Trajectory Data Analyses for Pedestrian Space-time Activity Study

Summary

A suite of spatiotemporal processing methods are presented to analyze human trajectory data, such as that collected using a GPS device, for the purpose of modeling pedestrian space-time activities.

Abstract

It is well recognized that human movement in the spatial and temporal dimensions has direct influence on disease transmission^1-3. An infectious disease typically spreads via contact between infected and susceptible individuals in their overlapped activity spaces. Therefore, daily mobility-activity information can be used as an indicator to measure exposures to risk factors of infection. However, a major difficulty and thus the reason for paucity of studies of infectious disease transmission at the micro scale arise from the lack of detailed individual mobility data. Previously in transportation and tourism research detailed space-time activity data often relied on the time-space diary technique, which requires subjects to actively record their activities in time and space. This is highly demanding for the participants and collaboration from the participants greatly affects the quality of data⁴.

Modern technologies such as GPS and mobile communications have made possible the automatic collection of trajectory data.
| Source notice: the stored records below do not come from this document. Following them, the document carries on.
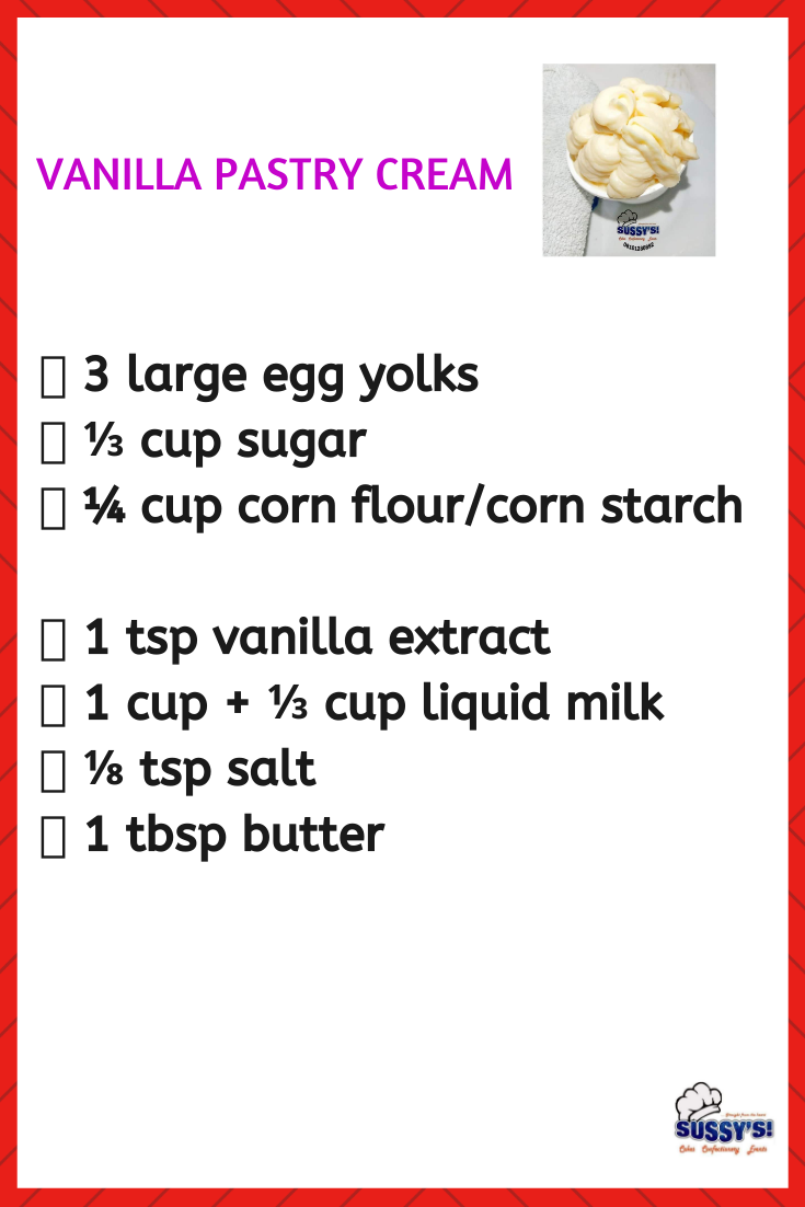 If you have seen the FILLED DOUGHNUT RECIPE I shared last week, you will discover one of the fillings for the doughnuts was this Vanilla Pastry Cream. Like I always say, ALL my recipes are very simple to make and you can always get the items at stalls/malls near you. You also do not need any special baking or dessert skills to make them!
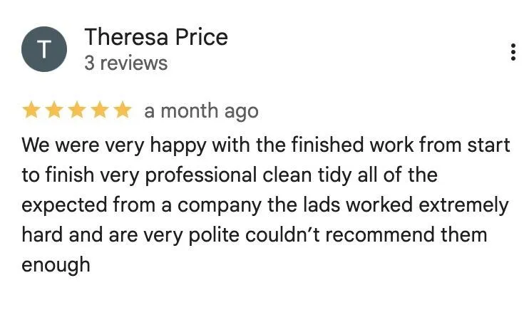 We keep disruption to a minimum and always clean up thoroughly after each day’s work. Your property will be left clean and tidy once the job is complete.
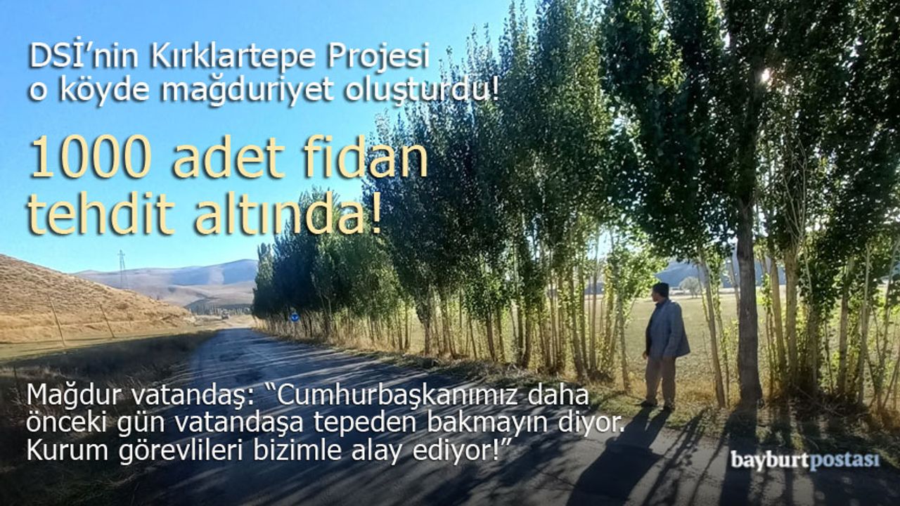 Bayburt Postası - Aksaçlı köyü sakinlerinden Kadir Kekeç, sulama boru hattının yolun sağ tarafından kendi tarlasına kadar geldiğini, ancak tarlasının başlangıcında asfaltın altından geçerek kendi tarafına geçtiğini ve bu durumun bine yakın fidanının katledilmesine yol açacağını belirtti. Köy sakinlerinden Salih Kekeç de, Kırklartepe Barajı sulama boru hattı ile ilgili olarak fidanlığının katledilmesi ve fidanlarının hiçe sayılmasının yetkililere iletildiğini ifade etti.
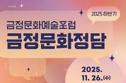 [한국기자연대] 부산시 금정구 금정문화재단은 금정구 예술인과 함께 지역 문화예술의 현안을 공유하고 미래 발전 방향을 모색하기 위한 2025 하반기 금정문화예술포럼 '금정문화정담'을 오는 11월 26일 오후 6시 30분, 아르코공연연습센터@금정 대연습실에서 개최한다고 밝혔다. 상반기 포럼이‘동행: 금정예술가 정답게 주고받는 이야기’를 주제로 지역 문화환경의 변화 속에서 예술 생태계의 현황을 공유하고 네트워킹의 중요성을 강조했다면, 하반기 포럼은 한 해의 활동을 돌아보고 향후 재단과 예술인이 함께 만들어갈 협력과 실천의 방향을 구체화하는 자리가 될 예정이다. 특히 이번 포럼은‘금정구 거주예술인 모집’을 통해 약 100명의 지역 예술가가 참여할 예정이다. 포럼에서는 지역문화 진흥과 예술가 참여 확대를 위한 다양한 의견을 수렴하고, 예술 장르별 교류와 네트워킹을 통해 협력 기반을 강화하는 시간을 갖는다. 또한 참가 예술인에게는 소정의 참석비가 지급될 예정이다. 윤일현 금정문화재단 이사장은 “금정의 예술인들과 함께 만들어가는 포럼이 지역 문화의 밝은 내일을 여는 원동력이 되길 바라며, 예술가들의 생생한 목소
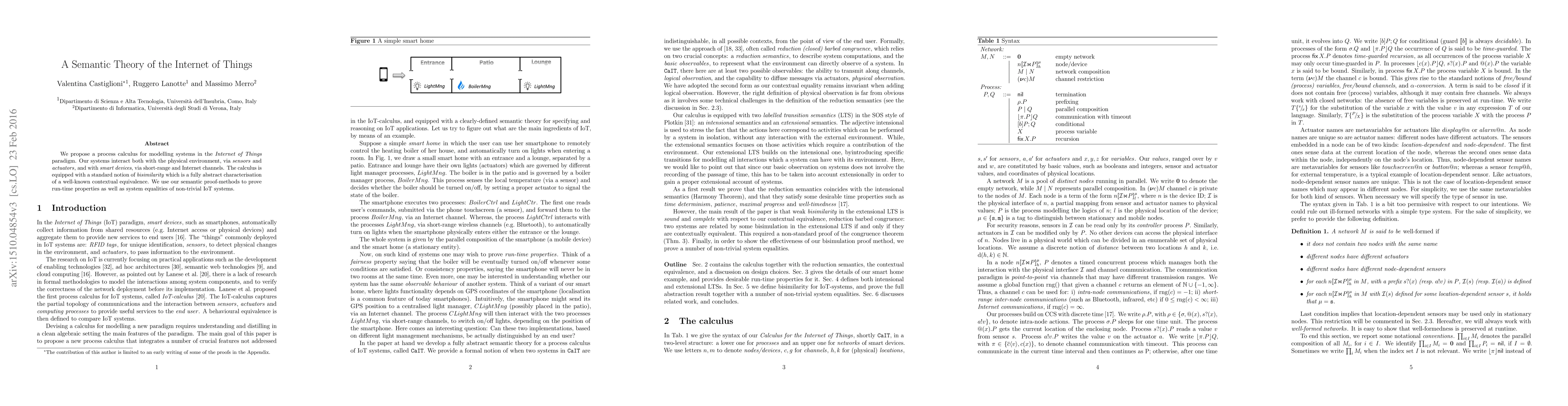 We propose a process calculus for modelling systems in the Internet of Things paradigm. Our systems interact both with the physical environment, via sensors and actuators, and with smart devices, via short-range and Internet channels. The calculus is equipped with a standard notion of bisimilarity which is a fully abstract characterisation of a well-known contextual equivalence. We use our semantic proof-methods to prove run-time properties as well as system equalities of non-trivial IoT systems.
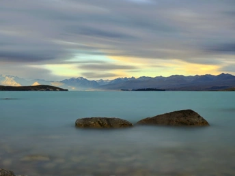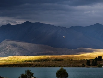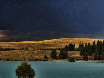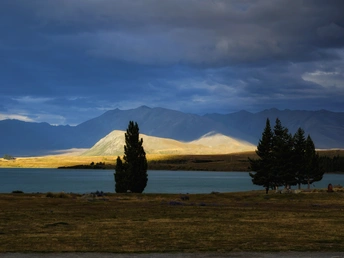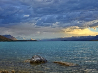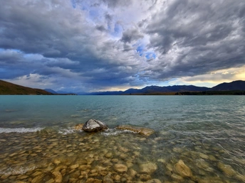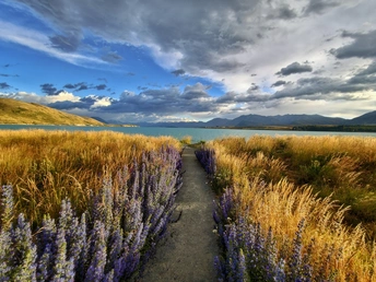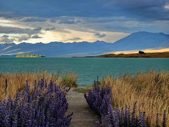 雨歇云开,特卡波湖的空气里还凝着湿润的凉意。夕阳穿透云层,把远山的轮廓镀上一层金红,湖水也从深灰转成通透的蓝绿,像被重新擦亮的宝石。 风里带着草木与泥土的清香,岸边的鲁冰花缀着未干的水珠,在余晖里闪着细碎的光。远处的雪山在暮色中愈发清冽,与湖面的暖光形成温柔的对峙。 这一刻,天地被洗得格外干净,所有浮躁都随雨水流走,只剩一湖澄澈与漫天霞光,把人间的疲惫都轻轻熨帖。
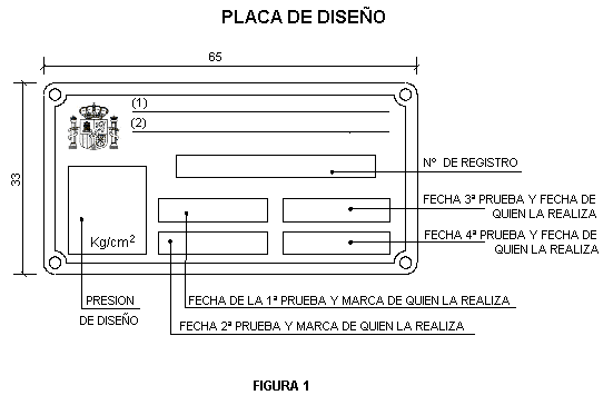 El extintor irá provisto de una placa de diseño (ver figura 1), que llevará grabados los siguientes datos:Presión de diseño (presión máxima de servicio).
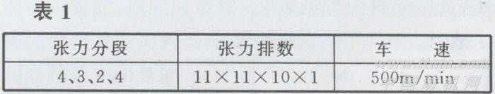 在整经工序我们采用1452A(G)~160型整经机,其工艺路线以“低速,中张力,小伸长,保弹性”为原则,控制整经张力,力求达到片纱张力、排列、卷绕三均匀,并做好断头操作及清洁工作,整经断头实测1.09/百根•万米。具体工艺见表1。
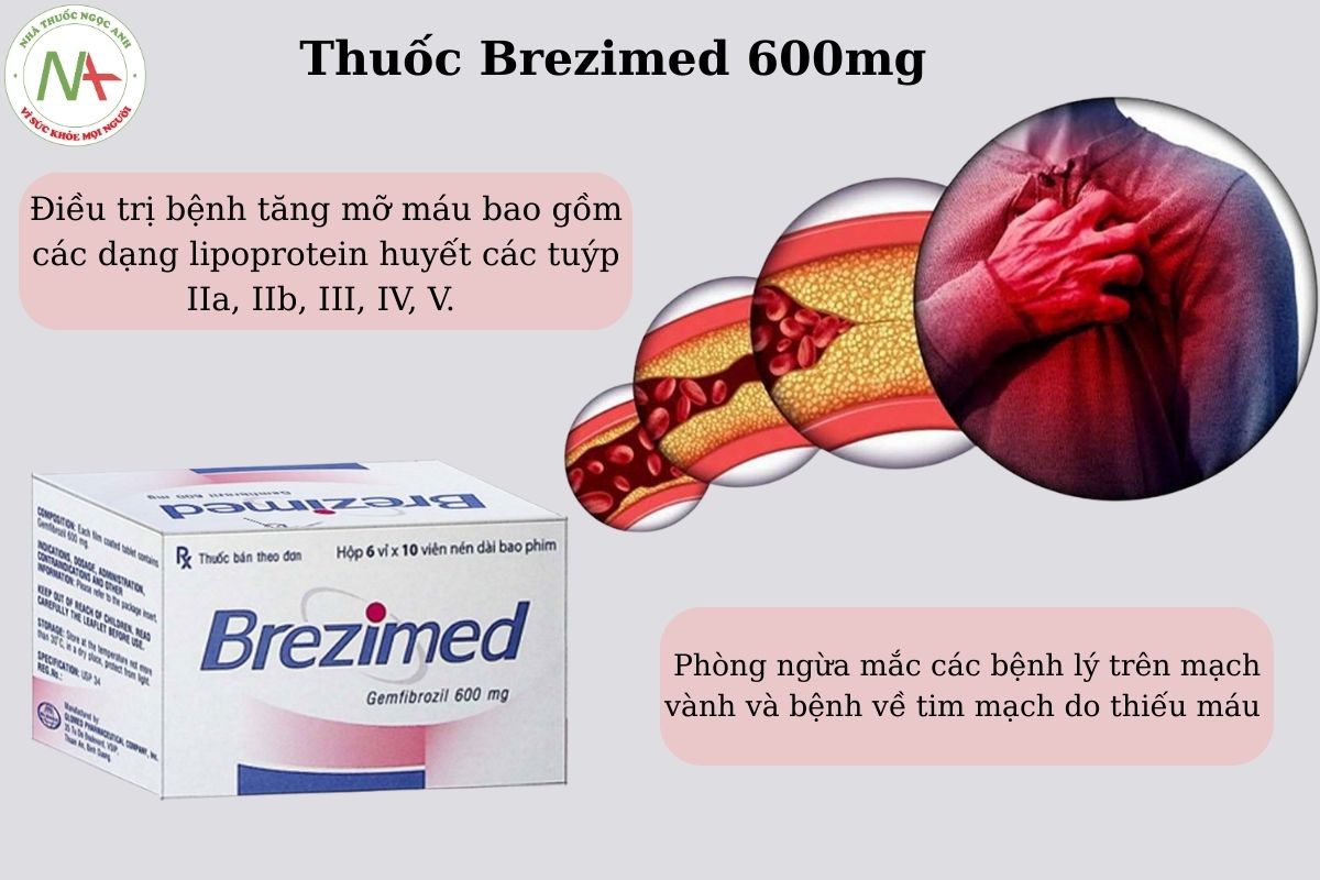 Nhờ thành phần hoạt chất Gemfibrozil, thuốc Brezimed 600mg cho tác dụng trong việc làm giảm nhanh nồng độ cholesterol toàn phần và lượng triglycerid máu. Thuốc Brezimed 600mg được dùng trong việc điều trị vệnh về tăng mỡ máu bao gồm các dạng lipoprotein huyết các tuýp IIa, IIb, III, IV, V.
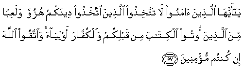 57. Ya ayyuha allatheena amanoo la tattakhithoo allatheena ittakhathoo deenakum huzuwan walaAAiban mina allatheena ootoo alkitaba min qablikum waalkuffara awliyaa waittaqoo Allaha in kuntum mu/mineena
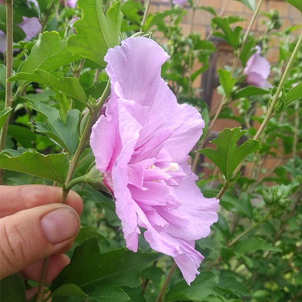 Гибискус сирийский Lavender Chiffon - Hibiscus syriacus Lavender Chiffon. Сорт профессора Кембриджского университета Родорика Вудса. Это неприхотливый, листопадный красивоцветущий кустарник, высотой до 1,5-2 м. Цветки неопределённого цвета сиренево – розовато - лиловые, около 10-12 см в диаметре, полумахровые. Кустарник цветёт обильно. Цветы у него одиночные, каждый отдельный цветок живет сутки, одновременно распускаются десятки цветков. Многочисленные бутоны, в пазухах почти что всех листьев, распускаются один за другим с июля до сентября. Для пышного цветения рекомендуется подкармливать растение фосфорсодержащими удобрениями. Желательно защищённое, солнечное место на плодородной, водопроницаемой почве и регулярный умеренный полив. Гибискусы сирийские цветут на побегах текущего года. Для того, чтобы не оголялся низ кустарника и он был плотным и компактным необходимо весной укорачивать прошлогодние приросты на 2/3. Морозостойкость до -25° С.
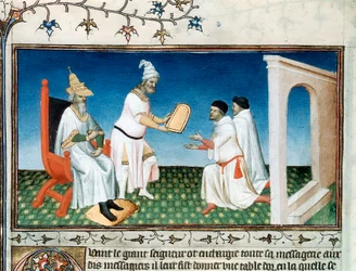 Kublai Khan giving Nicolo and Marco Polo safe conduct to Peking, with his golden seal to the Polos at Cambaluc in 1292, from 'Le Livre des Merveilles'(Ms Fr 2810 f.3v, Kublai Khan giving Nicolo and Marco Polo safe conduct to Peking, with his golden seal to the Polos at Cambaluc in 1292, from 'Le Livre des Merveilles', c.1410-12 (tempera on vellum))Boucicaut Master |
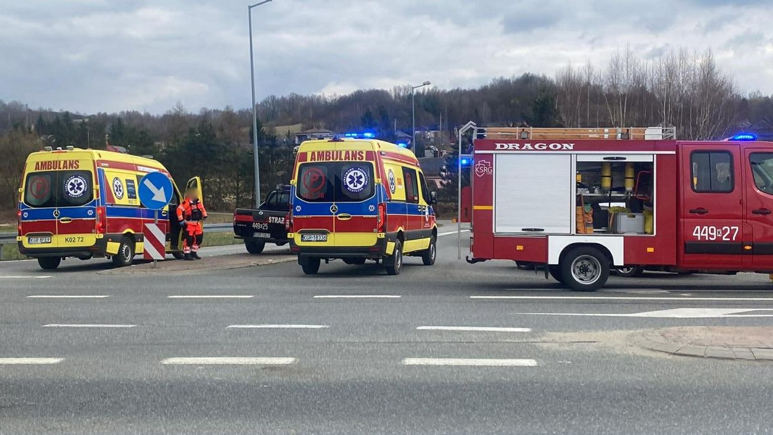 Jak wynika ze wstępnych ustaleń, w zdarzeniu uczestniczyły trzy samochody, dwa osobowe i jeden dostawczy. Na ten moment nie ma jeszcze oficjalnych informacji o stanie zdrowia uczestników zdarzenia. Służby prowadzą działania ratunkowe i zabezpieczają miejsce kolizji.
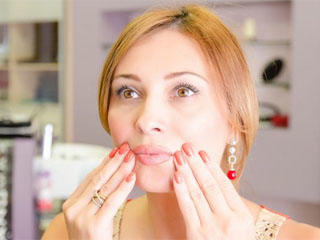 - От носогубных складок: визуально представьте линию от уголка рта к переносице через крылья носа. Массируйте ее круговыми движениями. Повторите упражнение 3 раза, в дальнейшем количество повторений постепенно увеличьте до 10.
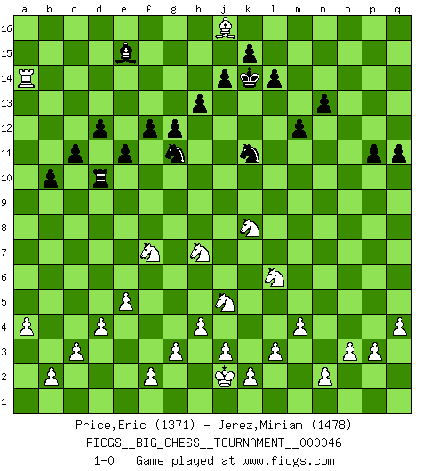 Last move : 1-0 2010 April 8 8:44:56 [Event "FICGS__BIG_CHESS__TOURNAMENT__000046"] [Site "FICGS"] [Date "2009.07.14"] [Round "1"] [White "Price,Eric"] [Black "Jerez,Miriam"] [Result "1-0"] [WhiteElo "1371"] [BlackElo "1478"] 1.p1-o3 f15-f13 2.j2-h4 g15-g14 3.h2-j4 o15-o14 4.b1-c3 h16-d12 5.m2-m4 b16-c14 6.l1-n3 d12-d6 7.k1-h2 l15-l14 8.a2-a4 d6-f8 9.g1-f3 p16-q14 10.d2-d4 m15-m13 11.c1-h6 f8-l13 12.h1-k3 l16-o13 13.e2-e4 l13-k13 14.f1-b5 k13-k3 15.h2-k3 n15-n13 16.p2-p3 h14-h13 17.h6-k8 e15-e14 18.o1-p2 b15-b14 19.o3-n5 d15-d14 20.p2-c14 o16-d6 21.g2-g3 c16-b15 22.c14-b15 a16-b16 23.b15-c14 e16-d16 24.n3-p5 g16-e15 25.p5-e15 f16-e15 26.m1-m3 q14-p12 27.m3-o3 e14-e13 28.o3-o13 p15-p14 29.o13-o3 m13-m12 30.e4-e5 d6-g9 31.k8-g11 m16-m13 32.c14-k7 f13-f12 33.g11-l15 o14-o13 34.b5-c4 m13-k13 35.k7-p12 o13-p12 36.e1-e4 q16-l16 37.o3-o15 q15-q13 38.e4-g4 e15-j11 39.g4-g8 k13-l13 40.q1-l1 j15-k13 41.l15-k16 l16-k16 42.g8-o8 k13-m14 43.o15-o16 k16-o16 44.o8-o16 j16-j15 45.o16-d16 b16-d16 46.l1-m1 c15-c13 47.l2-l3 h15-j13 48.m1-m3 a15-a13 49.m3-o3 d14-d13 50.j1-j2 d13-d12 51.a1-m1 b14-b13 52.m1-m3 c13-c12 53.o3-o14 l13-l10 54.o14-p14 m14-n12 55.m3-o3 b13-b12 56.o3-o15 n12-m14 57.o15-q15 l10-q10 58.q2-q4 a13-a12 59.p14-p16 d16-p16 60.c4-p16 c12-c11 61.c3-d5 m14-n16 62.p16-o15 n16-o14 63.q15-q16 q13-q12 64.q16-b16 b12-b11 65.d5-f6 o14-n12 66.f6-h7 g9-h10 67.f3-g5 b11-b10 68.k3-j5 n12-m14 69.o15-f7 a12-a11 70.f7-b11 q10-o10 71.o2-o3 g14-g13 72.j4-k6 m14-k13 73.h4-j6 j15-k14 74.j6-h8 k13-h14 75.h8-k9 j13-k11 76.k9-j11 h10-j11 77.h3-h4 p12-p11 78.k6-m7 e13-e12 79.b16-b12 o10-d10 80.c2-c3 e12-e11 81.m7-k8 g13-g12 82.n5-l6 j11-e15 83.b12-b14 h14-f13 84.g5-f7 e15-d16 85.b14-b16 d16-c15 86.b16-a16 f13-g11 87.a16-a11 c15-d14 88.a11-a14 d14-e15 89.b11-g16 q12-q11 90.g16-h15 k14-j15 91.h15-a8 j15-k14 92.a8-j16 1-0 This big chess game has been lost on time (started : 2009.07.14 11:16:33) Follow this game move after move (download)I'm not a materialistic person, in that, I don't suffer the lack or loss of money. The absence of worldly goods I don't look back on. For Chess is a way I can be as materialistic as I want without having to sell my soul. (Jamie Walter Adams) Die meiste Zeit treffe ich auf Gegner, die meine Enkel sein könnten. Ich bin da, um ihnen zu zeigen, dass sie von mir noch einiges lernen können. (Viktor Kortschnoi) Vive, pierde y aprende al observar a tu oponente como ganar. (Amber Steenbock) Aux échecs, les retours au sommet sont rares : les dommages psychologiques consécutifs à une défaite sont trop sévères. (Daily Telegraph) Treat your password like your toothbrush. Don't let anybody else use it, and get a new one every six months. (Clifford Stoll)
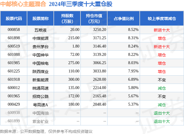从基金规模来看,中邮核心主题混合基金2024年三季度公布的基金规模为3.82亿元,较上一期规模3.76亿元变化了551.27万元,环比变化了1.47%。该基金最新一期资产配置为:股票占净值比94.21%,无债券类资产,现金占净值比13.14%。从基金持仓来看,该基金当季前十大股票仓位达73.0%,第一大重仓股为五粮液(000858),持仓占比为8.52%。

The data collected, however, is not ideal for modeling human space-time activities, limited by the accuracies of existing devices. There is also no readily available tool for efficient processing of the data for human behavior study. We present here a suite of methods and an integrated ArcGIS desktop-based visual interface for the pre-processing and spatiotemporal analyses of trajectory data. We provide examples of how such processing may be used to model human space-time activities, especially with error-rich pedestrian trajectory data, that could be useful in public health studies such as infectious disease transmission modeling.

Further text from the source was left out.